Judging is based on both the quality of the image and the explanation of the underlying science. First, second, and third place winners will have their images displayed on the walls of the KINSC.

First Prize: Ethan Baker '24

Quantum dots are tiny pieces of semiconductors that can trap electrons. When we shine light at the dots, the electrons inside can only absorb and emit specific wavelengths of light because they are trapped. The exact wavelength emitted depends on the chemical properties of the dot and its size. Here, a source of UV light is shining at four vials containing quantum dots of different sizes.
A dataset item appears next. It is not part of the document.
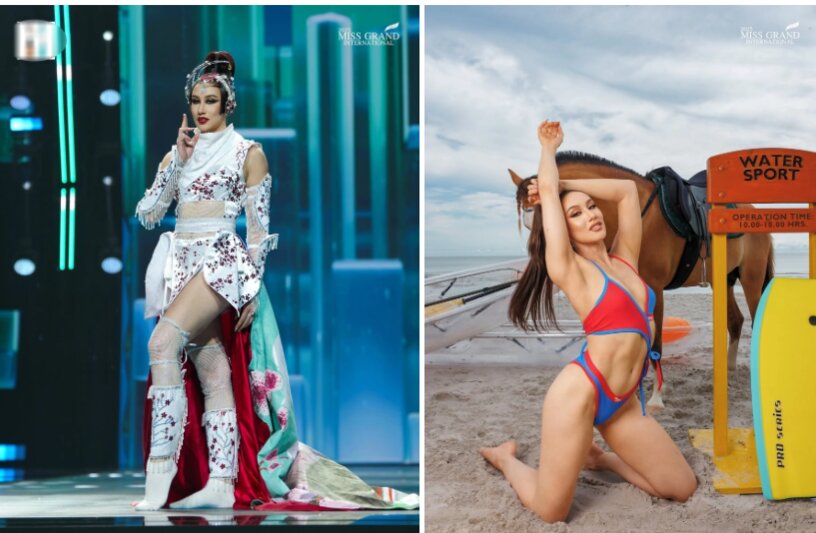 Tại bán kết Miss Grand International 2025, người đẹp Nhật Bản tiếp tục sử dụng kỹ năng nhào lộn và gặp sự cố trong lúc trình diễn áo tắm.

The dots in each vial are absorbing the UV light and re-emitting light at a different wavelength, which creates the vibrant glowing colors.
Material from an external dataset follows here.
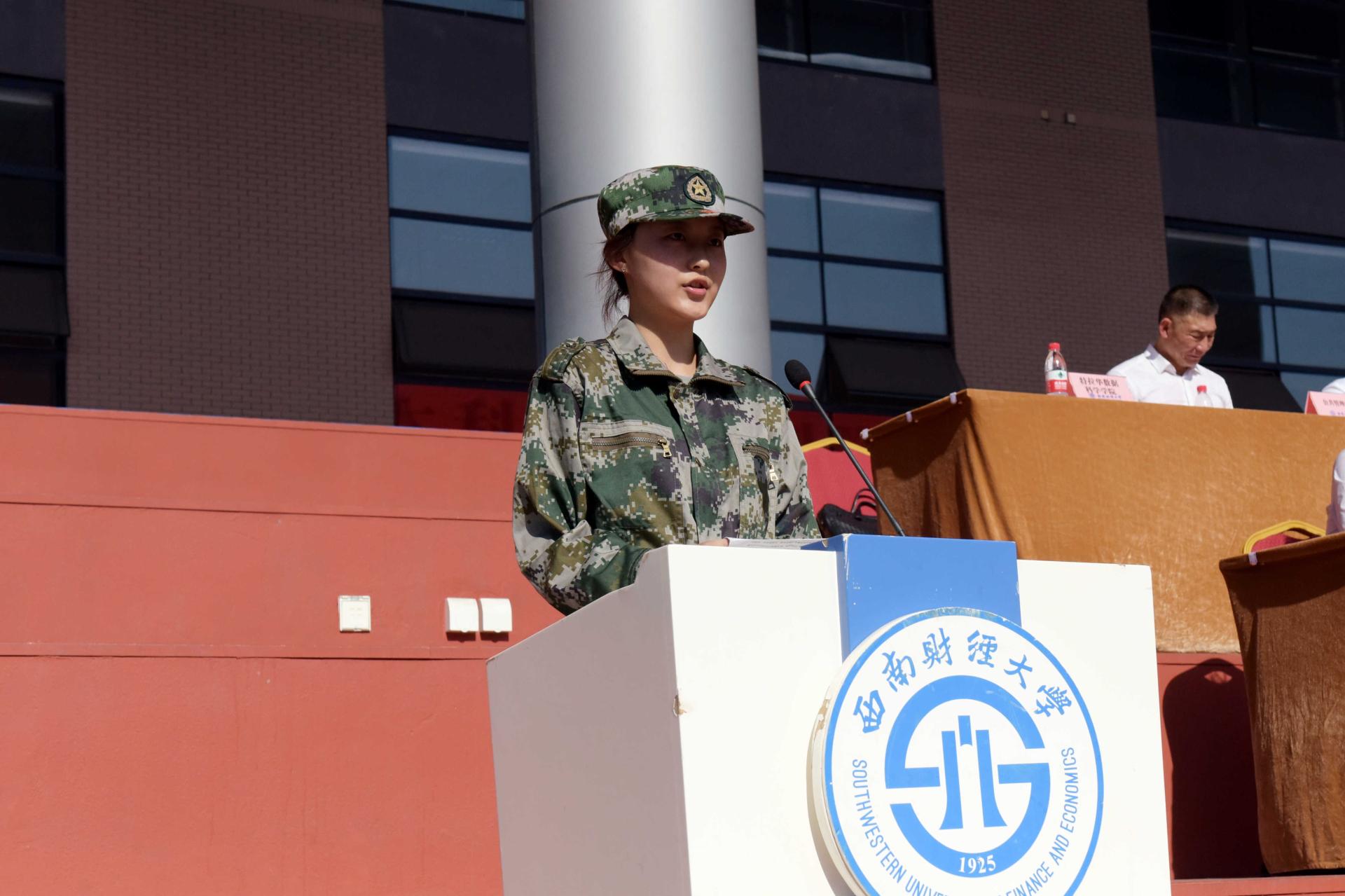 军训团团长肖文清宣读《嘉奖令》。校领导为本次军训评选出是的450名“优秀学员”代表、10名“优秀教官”和10名“优秀指导员”颁发荣誉证书。军训优秀学员代表谭沛珊同学发言。

Second Prize: Julia Smeltzer '23

This image is a slice of a zebrafish head that was taken on the confocal microscope at a 20x objective. The image includes two zebrafish eyes as well as the zebrafish brain and mouth. Staining was done so that the ganglion cell layer and amacrine cells in the eyes could be clearly seen. This image was taken for a superlab class where we were looking at cell layers in mutant zebrafish eyes to try and understand why mutant zebrafish respond to visual stimulants differently than wild-type zebrafish. The colors were edited in FIJI image J to create this final image.
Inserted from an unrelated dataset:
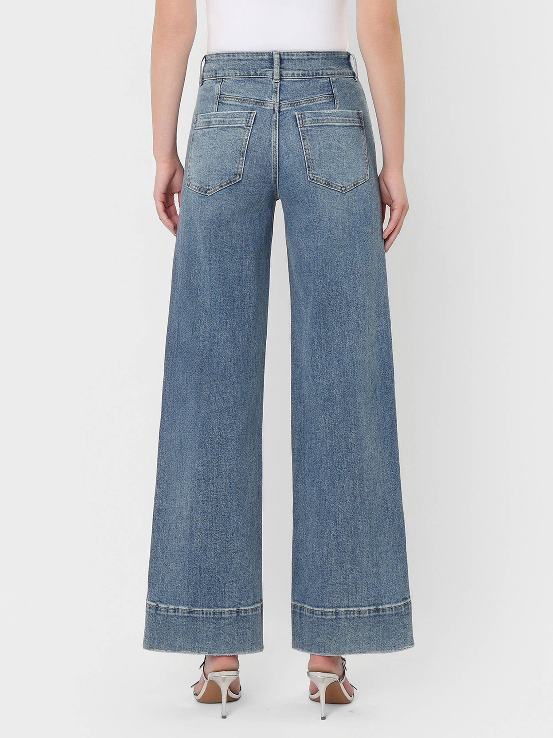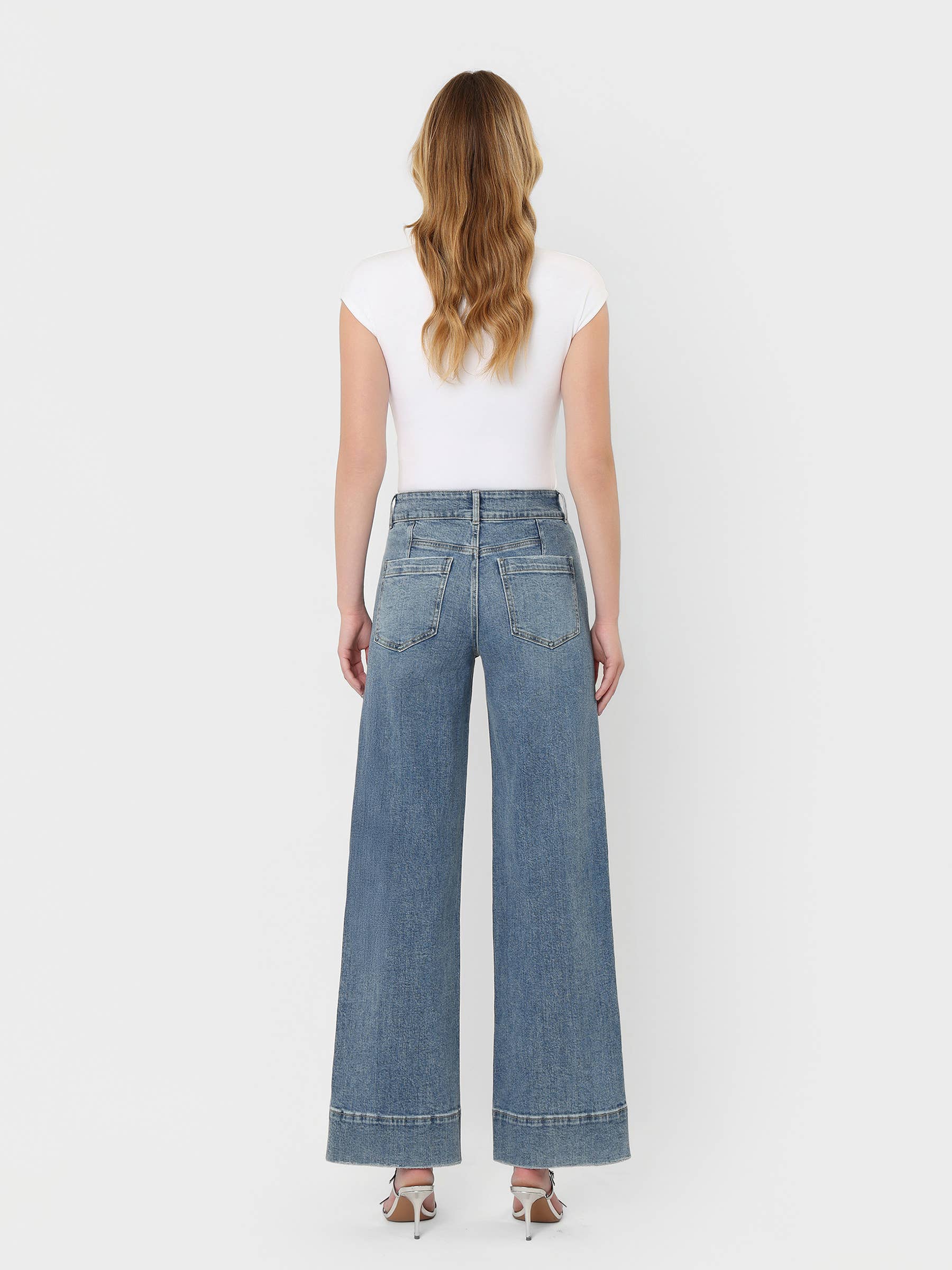 Meet your new go-to statement denim. The High Rise Half Yoke Wide Leg Jeans by Flying Monkey feature a super high rise waist with a flattering wide leg silhouette that gives effortless, elevated style. Designed with a modern half yoke and double-button closure, these jeans hug the waist while offering all-day comfort thanks to their soft stretch denim.

Third Prize: Woodkensia Charles '24

This is an image processing of a photoelastic particle in MatLab using the PEGS inversion published software. Photoelastic materials are distinctive because their birefringence is dependent on the stresses (forces experienced by an object over an area) on the material. Using polarizers, which change the polarization of light passing through them, we can take advantage of photoelasticity to visualize the stresses in a granular system. The MATLAB program identifies the locations of the particles (red and blue circles) and the contacts between them (white circles). The stress is the white skeleton figure.

Honorable Mention: James Garland '22

From dictating the lives of stars to the structure of the universe, galaxies lie at a bustling intersection of cosmic scale. Understanding how these complex and diverse systems behave can illuminate some of the most elusive problems in astrophysics. Galaxies evolve over billions of years, providing us with frozen snapshots of their lives when observed on human timescales. To supplement this, we simulate galaxies and watch them develop over time. Here, we see a telescope image and a simulated “present-day” image of two similar galaxies on the left and right. Through comparison, they mutually inform our knowledge of galaxy evolution.

Honorable Mention: Sarina Smith '23

Pictured is the fungi Hericium erinaceus (also known as lion's mane) cultured on potato dextrose agar. This mushroom is known for its culinary and medicinal uses. Research has shown that secondary metabolites produced by this fungus reduce amyloid plaque burden and other hallmarks of Alzheimer’s disease in mouse models. For my senior thesis, I plan to investigate whether these compounds can similarly inhibit or disrupt protein aggregation in other models of neurodegenerative diseases. This semester, I learned how to culture the fungus with the support of Professor Robert Fairman.

Honorable Mention: Amina Irfan BMC '25

Fractals are never-ending, infinitely-complex patterns, that are self-similar on different scales. Although fractals are very complex, they are created by repeating simple processes. Abstract fractals—such as the Mandelbrot Set—can be calculated by a computer calculating the same equation (Zn+1 = Zn2 + C ) over and over again, with different values. More complex and aesthetically pleasing images can be generated, like the Nova fractal or the Magnet fractal, by computing fractals with more complex equations over and over again!